Thursday, February 11, 2010

You notice there's something wrong with Washington, DC even before you've gotten downtown. You drive through a slum you'd never have expected. The few people you see walking around are poor and black, and the restaurants -- just a step up from shacks, really -- serve black-identified food like jerk chicken and barbecue.

A mile later, all this becomes a memory as you cross a line into Whitesville that's so sharp you expect a border guard. Now, all of a sudden, every hotel, every store, every restaurant is upscale and white. Every face is upscale and white.

You look around, and at some point it hits you: if the Republicans and Democrats can't even fix up the city they live in, what hope do they have with the rest of the U. S.?

There are two main themes you pick up in Washington: one, we've made some truly dreadful mistakes for which we're truly sorry. And two, is this a great country or what?

I'm not sure how to answer that second question surrounded by so much evidence of the first. In the Smithsonian Museum of American History there's a section of the Woolworth's lunch counter from Greensboro, North Carolina where four black students staged a sit-in after waitresses refused to serve them. There's a replica of a slave cabin, and a floor plan of a bus station complete with separate black and white waiting rooms.

And mere feet away there's the enormous flag that inspired Francis Scott Key to write the Star Spangled Banner. Feel that national pride stirring yet?

On my tour of the Capitol building, the guide repeatedly referred to slavery and the fight for civil rights, and pointed to exactly one bronze bust of Martin Luther King among the hundreds of marble white people as proof of how far we've come.

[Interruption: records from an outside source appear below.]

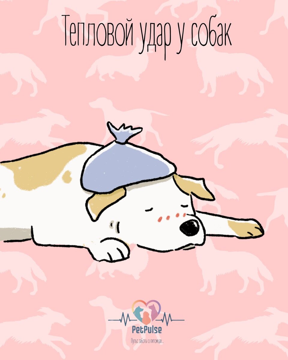 Тепловой удар — острое состояние, которое возникает при перегреве организма и может привести к серьёзным осложнениям и даже смерти питомца. Очень важно знать, как быстро распознать симптомы и оказать первую помощь. Симптомы теплового удара: Чем дольше воздействует патологический фактор на собаку, тем быстрее болезнь начинает приобретать более опасные симптомы: Породы с повышенным риском теплового удара: — Брахицефалические породы (мопсы, французы-бульдоги, английские бульдоги и др.) — Породы с длинной или густой шерстью (хаски, самоеды, ньюфаундленды) — Пожилые животные и питомцы с заболеваниями сердца или дыхательных путей Чек-лист первой помощи при тепловом ударе: 1. Быстро перенесите животное в прохладное, тенистое и проветриваемое место. 2. Снимите ошейник, одежду или другие предметы с питомца. 3. Осторожно охлаждайте тело влажной прохладной тряпкой — уделяйте внимание шее, животу и лапам. 4. Не обливайте животное ледяной водой и не используйте лёд — это может
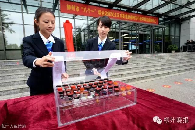 16日上午8:30时,柳州市行政审批局于正式挂牌成立,将发改、工信、住建、教育、民政、人社、交通、卫计、农业、 林业等35个政府工作部门和事业单位承担的220项行政许可事项及部分审批业务人员划转至审批局,通过审批事项、审批职能、审批人员向审批局“三集中”,由一枚行政审批专用章代替原35个部门的82枚审批印章,实现了“一枚印章管审批,一站式办理业务”。
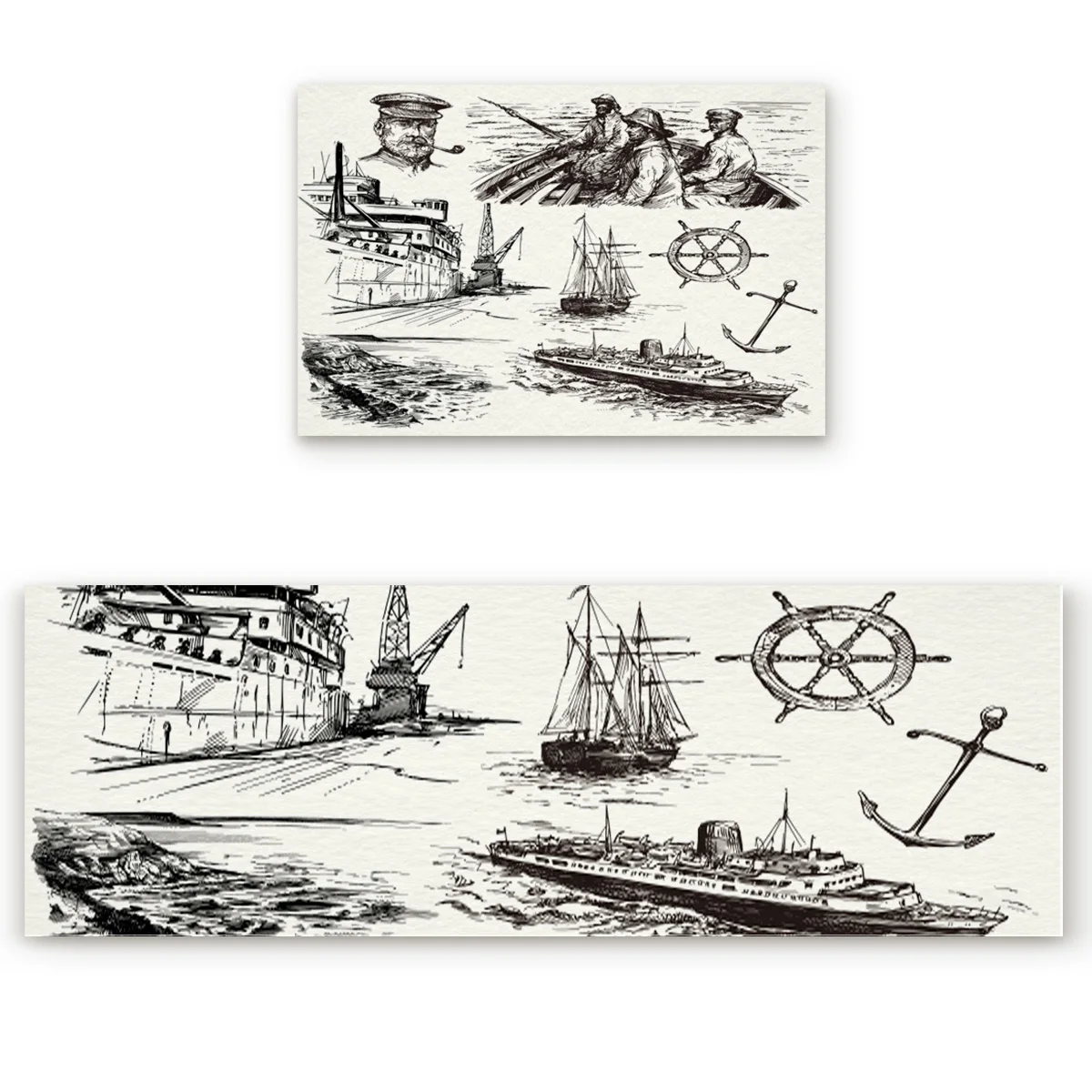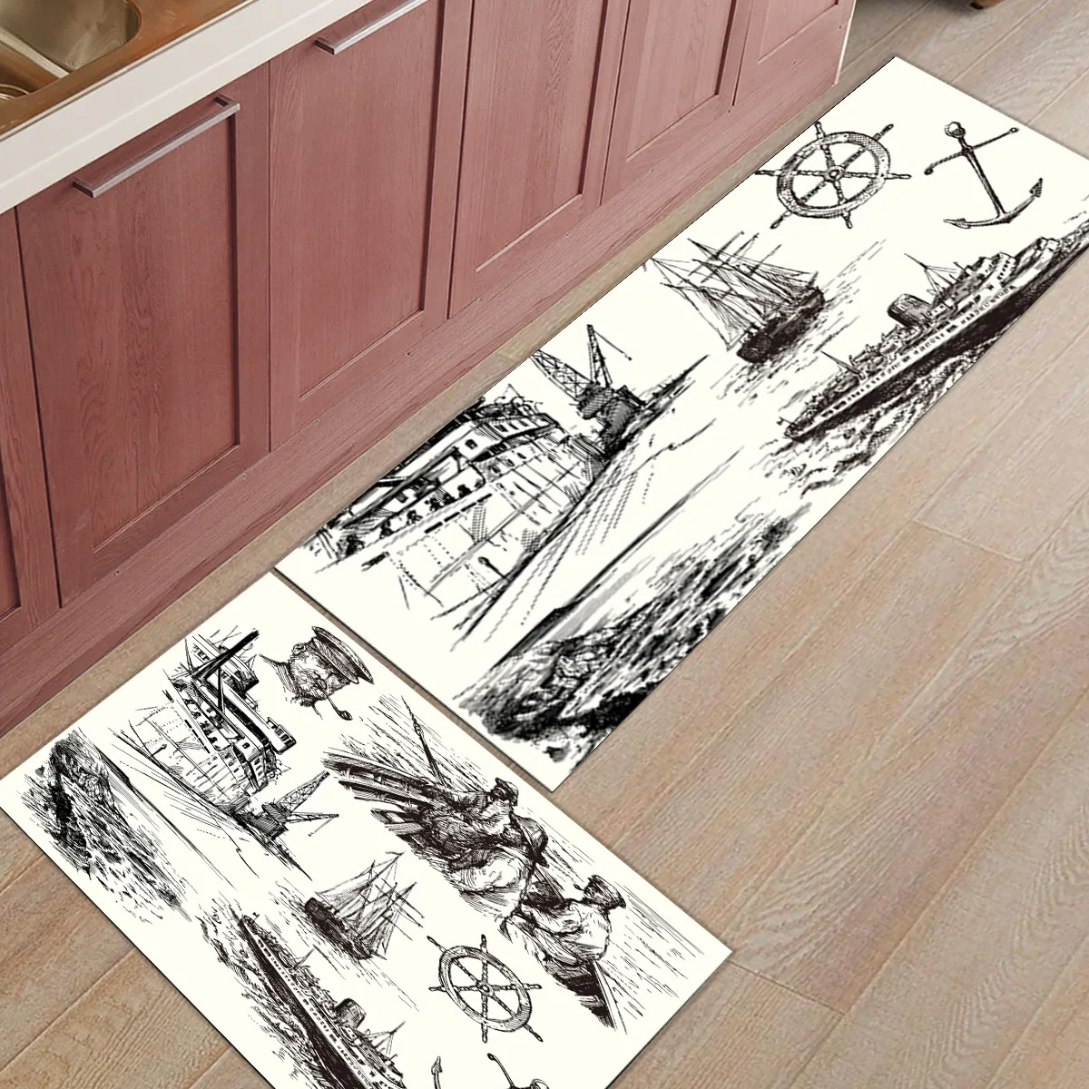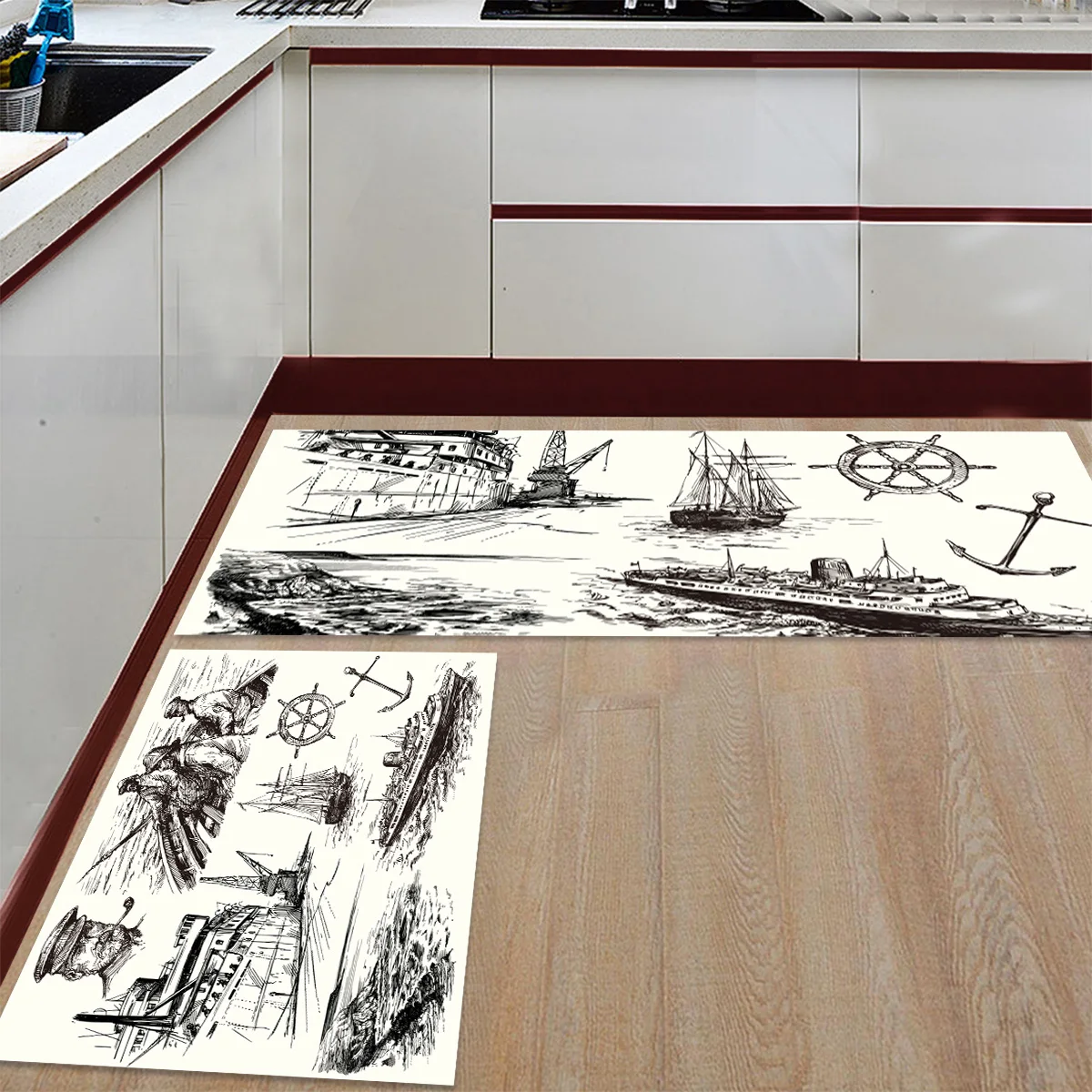Простой Морской кухонный коврик с кораблем, современные Противоскользящие коврики для ванной комнаты, коврик для гостиной, прихожей, Придверный коврик

They're sooo sorry. What an embarrassment! But ain't this a wonderful land?

I can't merge the facts in my head. I'm guessing they think our problems have been solved, or that at least we're capable of correcting them. But then you look at the lily-white faces of the pages scurrying by, you look at the pale faces of every man who struts by in an expensive suit, you notice the conspicuous absence of any reference to homosexuality, and you wonder how anybody can claim anything has changed.

On my way out, I close my eyes and crank up my iPod. I want to go back in denial. It's like going to your interior decorator's home and discovering that all of his furniture is from Ikea.

On the plus side, I don't think I'll ever see a better likeness of Ralph Kramden.

1 comment:

Luke_Sydney said...

I guess when you have the next Republican candidate asking "a year later, how is all that hopey-changey stuff working out for yer?", it's easy to see that America has no hope of ever improving its own internal or external standing. Since the Korean War, America has had zero positive infulence in the world.